Source records:
-=-=-

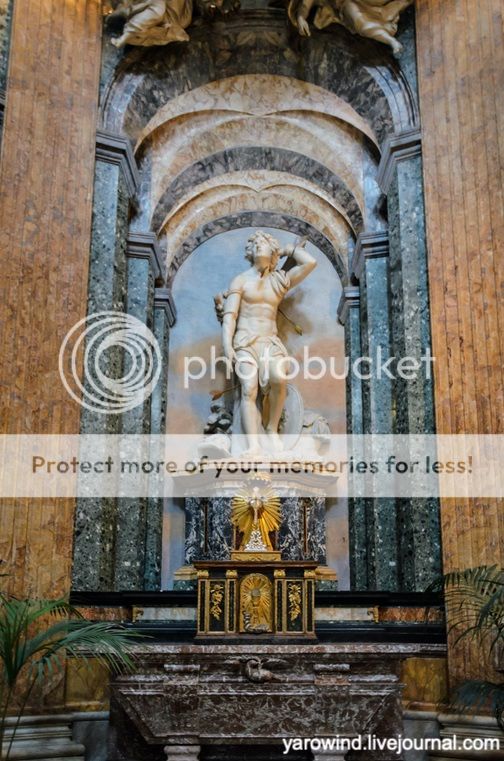 Округлый в плане интерьер впечатляет сочетанием разноцветного мрамора, позолоченной бронзы, рельефов и росписей.
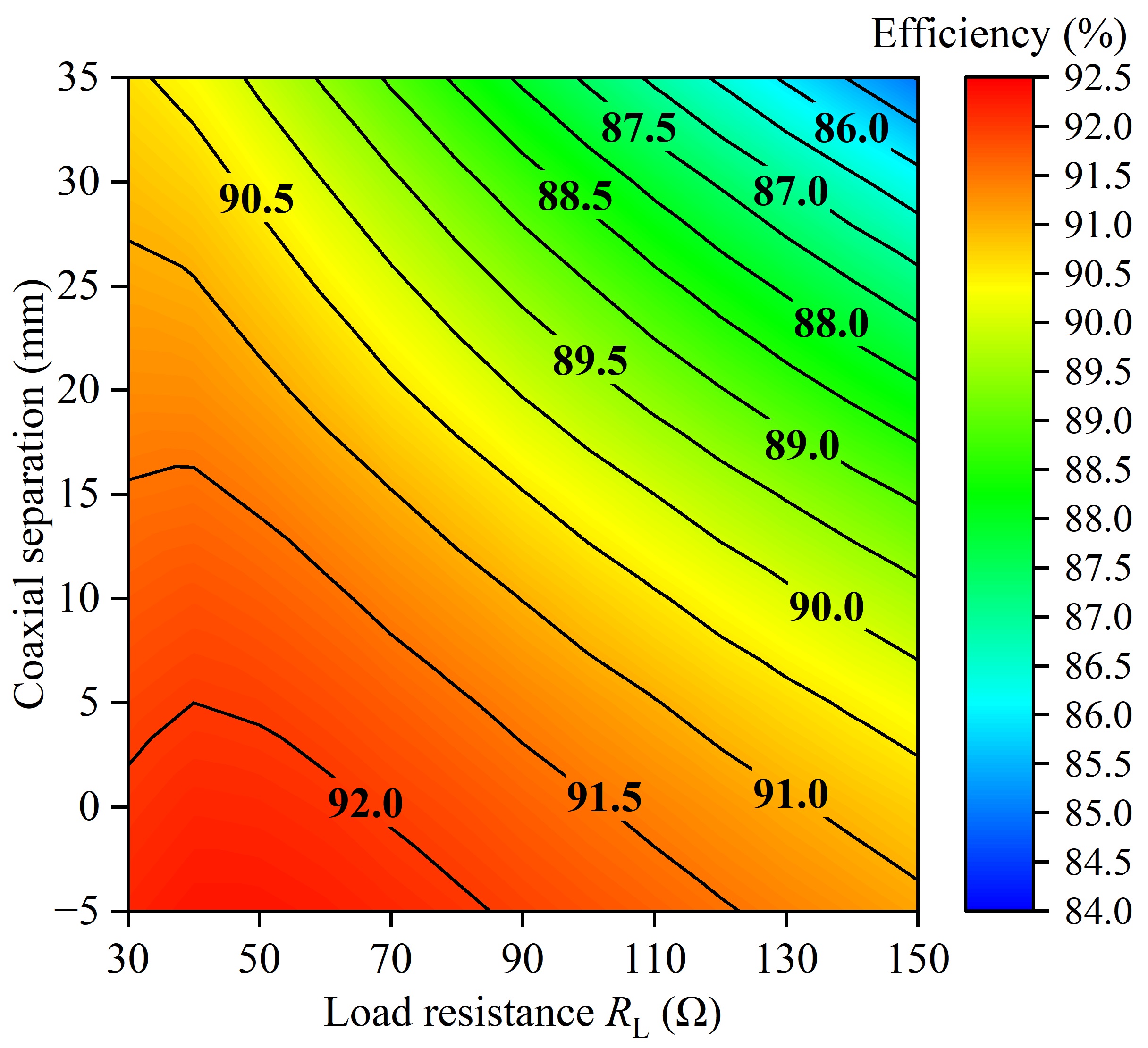 图5为负载电压UL随线圈分离和负载变化的曲线。本文提出的旋转式WPT系统在极端情况下电压变化范围为13.4%,参照国际标准EN 61000-3-3:2013和中国标准GB/T 12326-2008,该值在要求的±7%的标准限值内。图6为效率变化曲线,整体系统的平均效率为90.1%,在磁耦合机构偏移和负载变化情况下系统仍能保持高效稳定的电力输出。
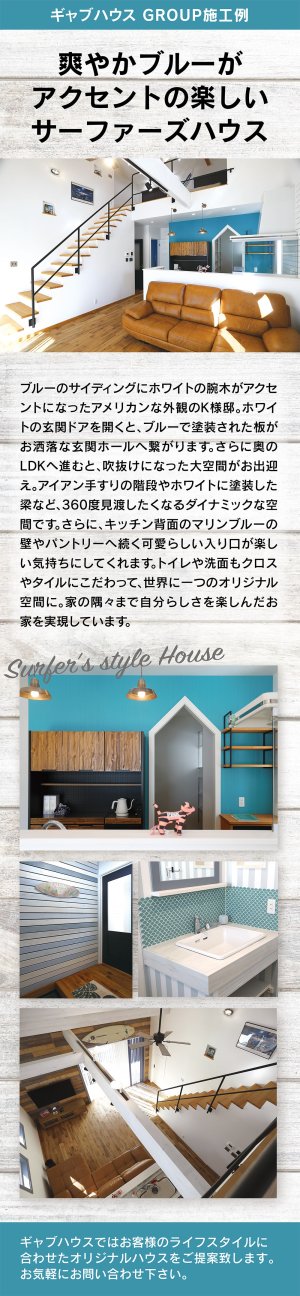 爽やかブルーがアクセントの楽しいサーファーズハウス
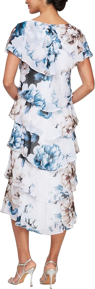 Floral Elegance: Ivory ground floral print, scoop neck, split cape short sleeves, and multi-tiered design adorned with a crystal-beaded pin. Achieve a chic and feminine look with this graceful ensemble.
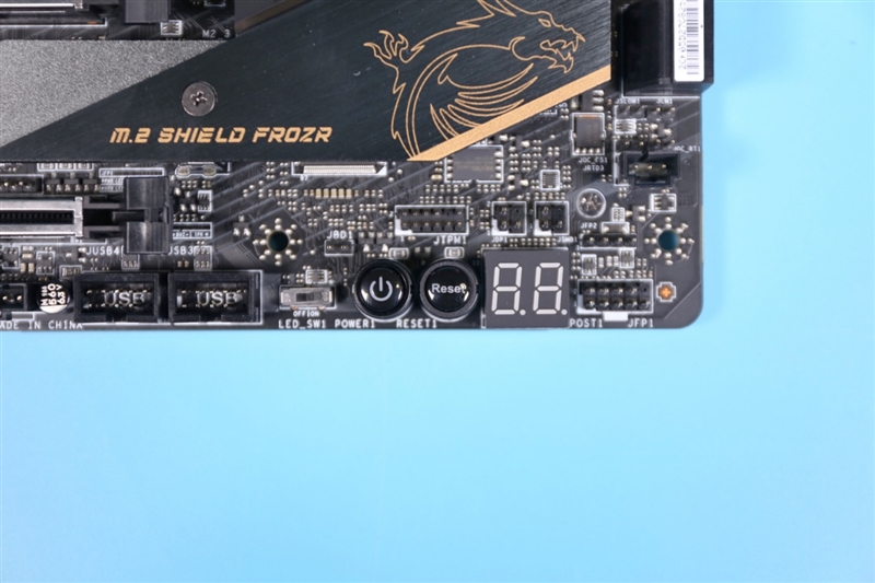 另外还有2个M.2 2280以及一个M.2 22110接口,每个接口都覆盖有MSI冰霜铠甲。
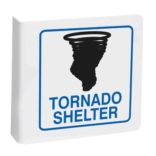 L Tornado Shelter Sign, 8" H x 8" W, Black/Blue on White,
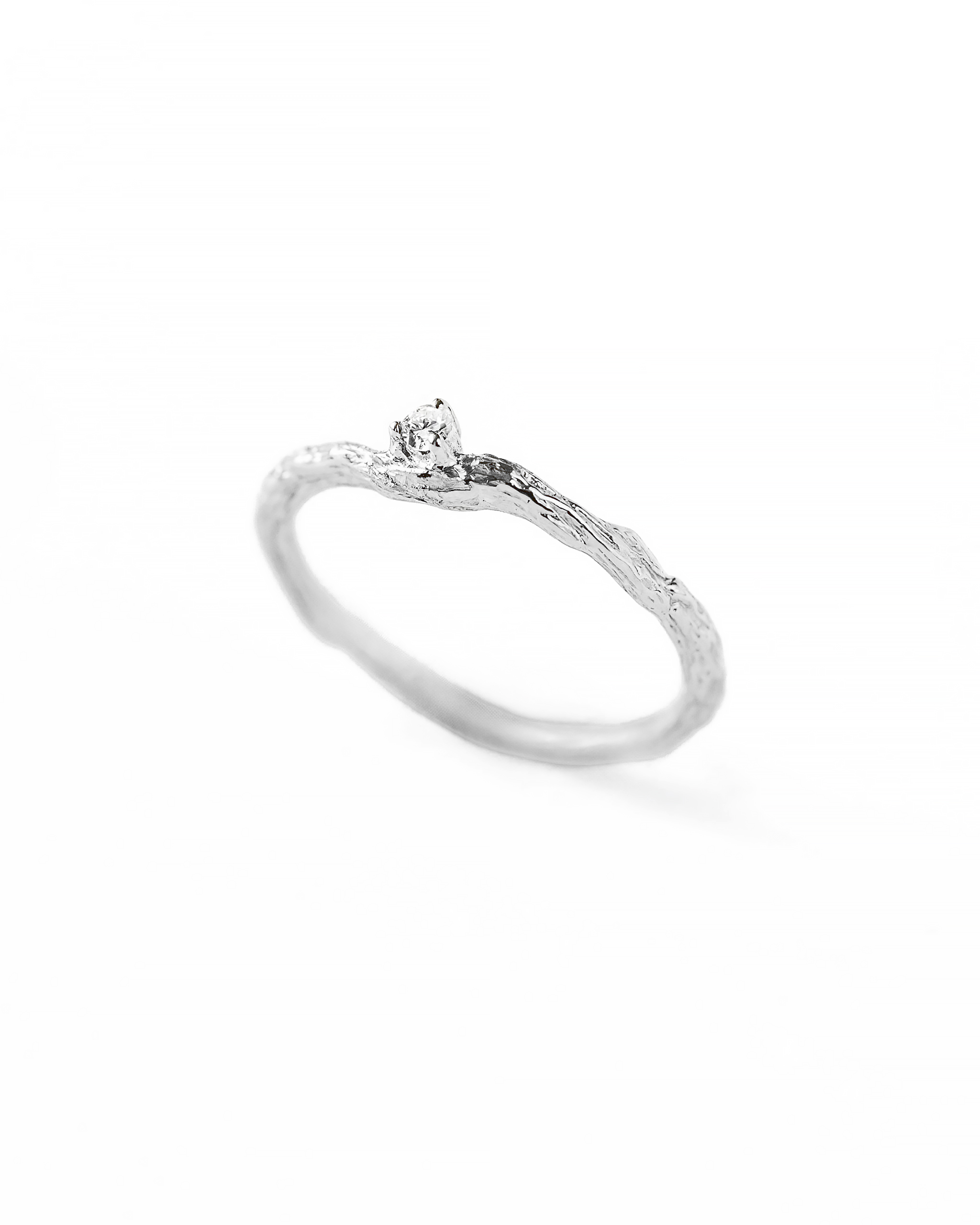 A striking ring inspired by the form of a branch. Each line has been meticulously sculpted, creating a subtle texture and reflecting the natural beauty of the curves. The design is crowned with a lab-grown diamond. The surface has been polished to highlight the texture of the pattern.
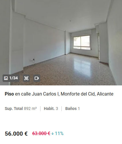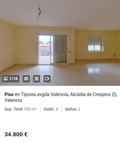 Las ofertas más baratas que tiene Aliseda en su catálogo de pisos en la Comunidad Valenciana, parte desde los 34.000 euros. También se venden viviendas por menos de este precio, pero bien están ocupadas ilegalmente por terceros o bien se encuentran en una situación de deterioro importante.
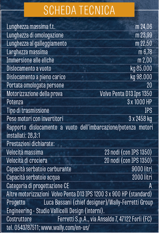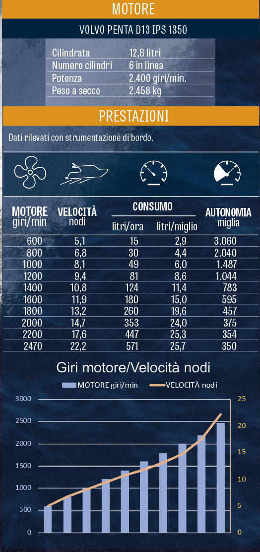 CONDIZIONI – Vento: forza 4 – Mare: 2/3 – Carichi liquidi: carburante 100% – Acqua 70% – Persone: 11 – Pulizia dell’opera viva: buona. RILEVAZIONI – Velocità minima di planata (con interceptor in automatico): 15 nodi – Velocità massima: 22,2 nodi – Velocità al 90% del numero di giri massimo: 18 nodi – Fattore di planata: 1,48 (basso). MISURAZIONI – Area pozzetto: mq 35 – Area flying-bridge: mq 60 – Altezza massima interna (zone transitabili): m 2,72 – Altezza minima interna (zone transitabili): m 2,03 – Altezza alla timoneria interna: m 1,96 – Larghezza minima passavanti: m 0,30.
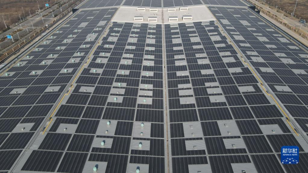 這是位于蚌埠中光電科技有限公司內的薄膜光伏建筑一體化應用示范項目(2021年12月21日攝,無人機照片)。新華社記者 張端 攝
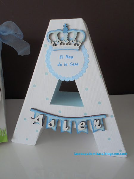 Canastilla de madera decorada para el dormitorio del pequeño Asier junto con inicial de cartón, fue un encargo de hace ya varios meses pero que tenía muchas ganas de mostraros porque me encantó el resultado.
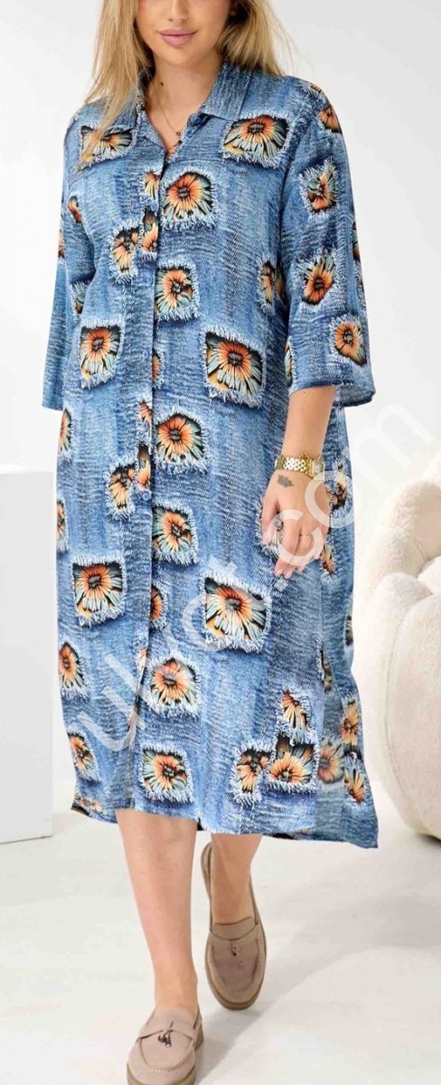 Сорочка-плаття JJF (2XL-5XL) СИНІЙ+СОНЯХ 1127
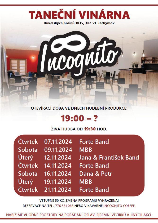Taneční vinárna Incognito, tř. Dukelských hrdinů 1035, Jáchymov, 36251
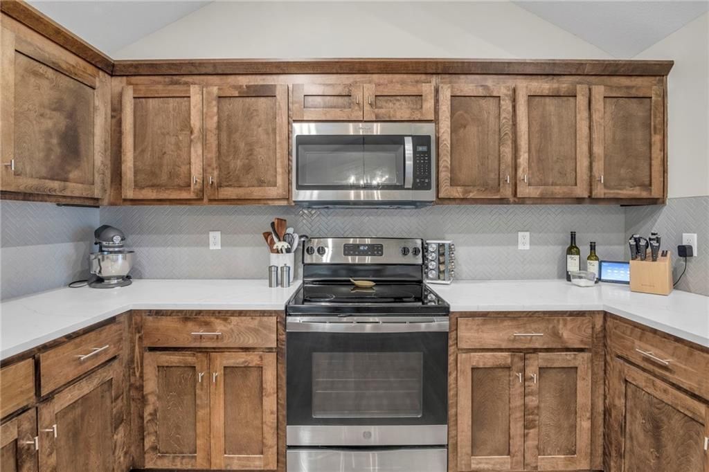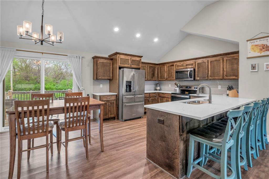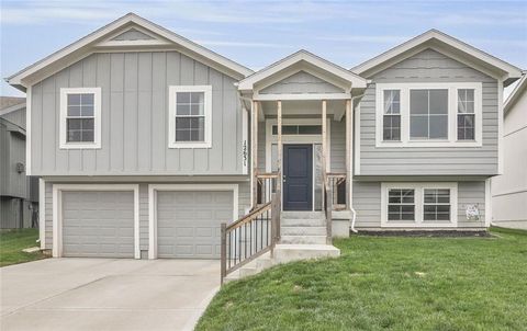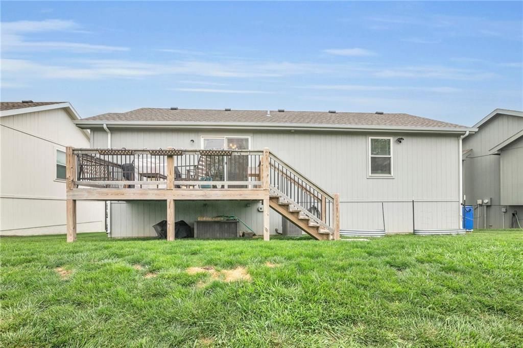MUST SEE!!! GORGEOUS HOME IN FOUNTAIN LAKE ONLY 3 YEARS YOUNG!!! Open Main Level Floor Plan featuring Vaulted Great Room with Fireplace to cozy up next to during those chilly months! Delight the chef in the timeless kitchen featuring quartz countertops, tons of stained cabinets, eat-in peninsula and stainless steel appliances! Adjacent dining area has deck access-perfect for summer BBQs! Down the hall find the primary suite with a walk-in closet and private en-suite. 2 more bedrooms and 2nd full bath completes this level. Lower level (garage entry) showcases a Family Room, 4th Bedroom, 3rd Full Bath and Laundry Room! Oversized Garage for your extra storage needs! Great Location just minutes the shops and dining in Martin City or Town Center Plaza and major highways to Access All KC Has to Offer! WELCOME HOME!
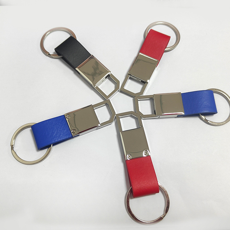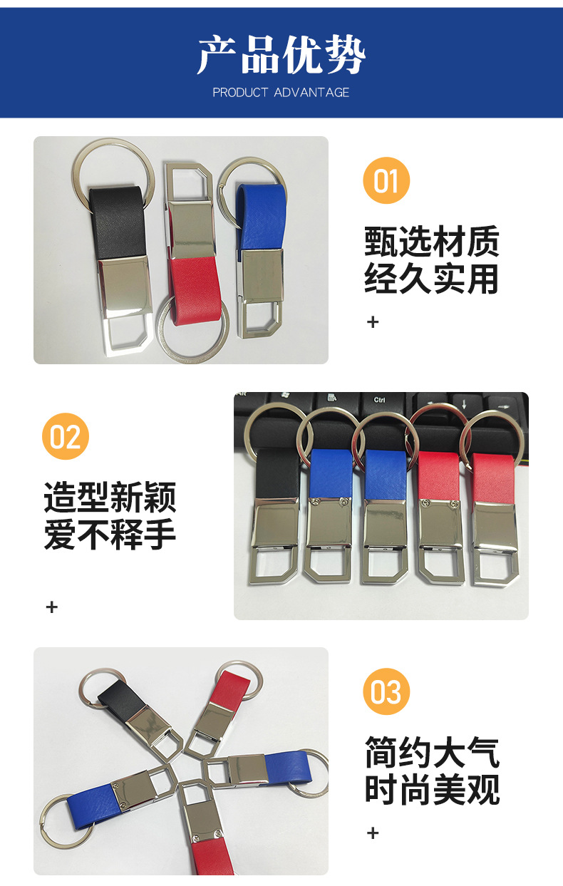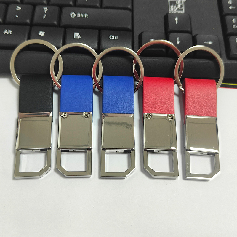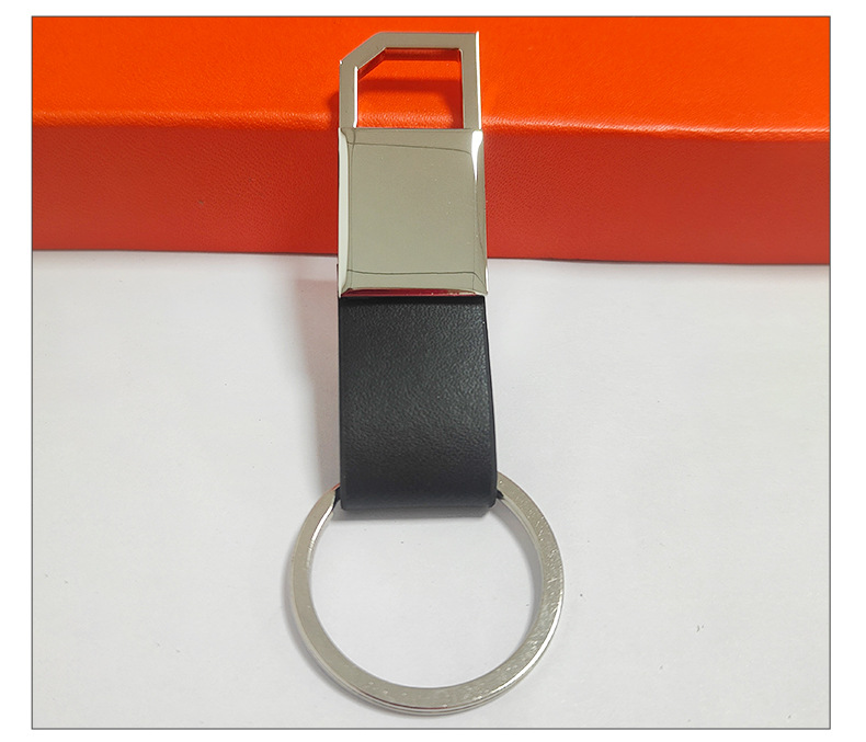 厂家供应商务金属钥匙扣 斜角拉环皮质钥匙扣配件 创意皮质礼品钥
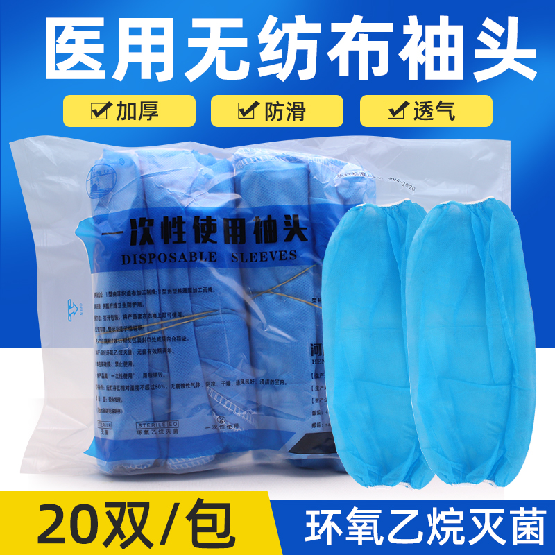 醫用無菌一次性袖套藍色加厚無紡布套袖食品家務20副手術袖頭護袖
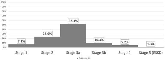 Patients with a glomerular filtration rate of 90 mL/min or in the range 60–90 mL/min and no other signs of chronic kidney damage, e.g., proteinuria, hematuria, pathological kidney biopsy or imaging results, as well as patients with a first-time documented decrease in glomerular filtration rate and patients with acute kidney failure, were excluded from this study.
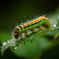 A vibrant caterpillar crawls along a green leaf covered in fresh dew drops. Captured in macro detail, its bright stripes and fine hairs stand out against a soft, blurred natural background. Download this free AI Generated caterpillar, colorful, dew drops, and insect stock image by Image Maker (@ImageMaker).
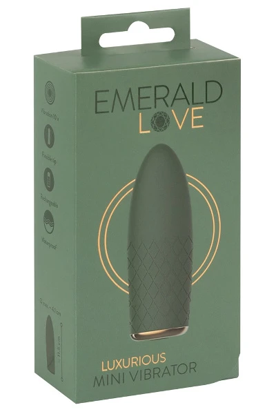 De mini vibrator Luxurious Mini Vibrator van Emerald Love heeft een prachtig design en heeft een uitgesproken diamanten textuur en ronde, zachte punt die perfect is voor spot-on stimulatie van genotsplekken (bijv. clitoris, tepel, testikel, perineumstimulatie). De 10 vibratiestanden zorgen voor afwisselend plezier en kunnen eenvoudig met een druk op de knop worden bediend. De mini vibrator kan ook onder water worden genoten omdat hij waterdicht is. De fluweelzachte textuur voelt heerlijk aan op de huid tijdens stimulatie en genot. Hij is op te laden met de meegeleverde USB-kabel,

-=-=-

#### [How to complete this task]
Your answer must restate the entries word for word and contain no pictures.

#### [Answer space]
 Округлый в плане интерьер впечатляет сочетанием разноцветного мрамора, позолоченной бронзы, рельефов и росписей.
 图5为负载电压UL随线圈分离和负载变化的曲线。本文提出的旋转式WPT系统在极端情况下电压变化范围为13.4%,参照国际标准EN 61000-3-3:2013和中国标准GB/T 12326-2008,该值在要求的±7%的标准限值内。图6为效率变化曲线,整体系统的平均效率为90.1%,在磁耦合机构偏移和负载变化情况下系统仍能保持高效稳定的电力输出。
 爽やかブルーがアクセントの楽しいサーファーズハウス
 Floral Elegance: Ivory ground floral print, scoop neck, split cape short sleeves, and multi-tiered design adorned with a crystal-beaded pin. Achieve a chic and feminine look with this graceful ensemble.
 另外还有2个M.2 2280以及一个M.2 22110接口,每个接口都覆盖有MSI冰霜铠甲。
 L Tornado Shelter Sign, 8" H x 8" W, Black/Blue on White,
 A striking ring inspired by the form of a branch. Each line has been meticulously sculpted, creating a subtle texture and reflecting the natural beauty of the curves. The design is crowned with a lab-grown diamond. The surface has been polished to highlight the texture of the pattern.
 Las ofertas más baratas que tiene Aliseda en su catálogo de pisos en la Comunidad Valenciana, parte desde los 34.000 euros. También se venden viviendas por menos de este precio, pero bien están ocupadas ilegalmente por terceros o bien se encuentran en una situación de deterioro importante.
 CONDIZIONI – Vento: forza 4 – Mare: 2/3 – Carichi liquidi: carburante 100% – Acqua 70% – Persone: 11 – Pulizia dell’opera viva: buona. RILEVAZIONI – Velocità minima di planata (con interceptor in automatico): 15 nodi – Velocità massima: 22,2 nodi – Velocità al 90% del numero di giri massimo: 18 nodi – Fattore di planata: 1,48 (basso). MISURAZIONI – Area pozzetto: mq 35 – Area flying-bridge: mq 60 – Altezza massima interna (zone transitabili): m 2,72 – Altezza minima interna (zone transitabili): m 2,03 – Altezza alla timoneria interna: m 1,96 – Larghezza minima passavanti: m 0,30.
 這是位于蚌埠中光電科技有限公司內的薄膜光伏建筑一體化應用示范項目(2021年12月21日攝,無人機照片)。新華社記者 張端 攝
 Canastilla de madera decorada para el dormitorio del pequeño Asier junto con inicial de cartón, fue un encargo de hace ya varios meses pero que tenía muchas ganas de mostraros porque me encantó el resultado.
 Сорочка-плаття JJF (2XL-5XL) СИНІЙ+СОНЯХ 1127
Taneční vinárna Incognito, tř. Dukelských hrdinů 1035, Jáchymov, 36251
MUST SEE!!! GORGEOUS HOME IN FOUNTAIN LAKE ONLY 3 YEARS YOUNG!!! Open Main Level Floor Plan featuring Vaulted Great Room with Fireplace to cozy up next to during those chilly months! Delight the chef in the timeless kitchen featuring quartz countertops, tons of stained cabinets, eat-in peninsula and stainless steel appliances! Adjacent dining area has deck access-perfect for summer BBQs! Down the hall find the primary suite with a walk-in closet and private en-suite. 2 more bedrooms and 2nd full bath completes this level. Lower level (garage entry) showcases a Family Room, 4th Bedroom, 3rd Full Bath and Laundry Room! Oversized Garage for your extra storage needs! Great Location just minutes the shops and dining in Martin City or Town Center Plaza and major highways to Access All KC Has to Offer! WELCOME HOME!
 厂家供应商务金属钥匙扣 斜角拉环皮质钥匙扣配件 创意皮质礼品钥
 醫用無菌一次性袖套藍色加厚無紡布套袖食品家務20副手術袖頭護袖
 Patients with a glomerular filtration rate of 90 mL/min or in the range 60–90 mL/min and no other signs of chronic kidney damage, e.g., proteinuria, hematuria, pathological kidney biopsy or imaging results, as well as patients with a first-time documented decrease in glomerular filtration rate and patients with acute kidney failure, were excluded from this study.
 A vibrant caterpillar crawls along a green leaf covered in fresh dew drops. Captured in macro detail, its bright stripes and fine hairs stand out against a soft, blurred natural background. Download this free AI Generated caterpillar, colorful, dew drops, and insect stock image by Image Maker (@ImageMaker).
 De mini vibrator Luxurious Mini Vibrator van Emerald Love heeft een prachtig design en heeft een uitgesproken diamanten textuur en ronde, zachte punt die perfect is voor spot-on stimulatie van genotsplekken (bijv. clitoris, tepel, testikel, perineumstimulatie). De 10 vibratiestanden zorgen voor afwisselend plezier en kunnen eenvoudig met een druk op de knop worden bediend. De mini vibrator kan ook onder water worden genoten omdat hij waterdicht is. De fluweelzachte textuur voelt heerlijk aan op de huid tijdens stimulatie en genot. Hij is op te laden met de meegeleverde USB-kabel,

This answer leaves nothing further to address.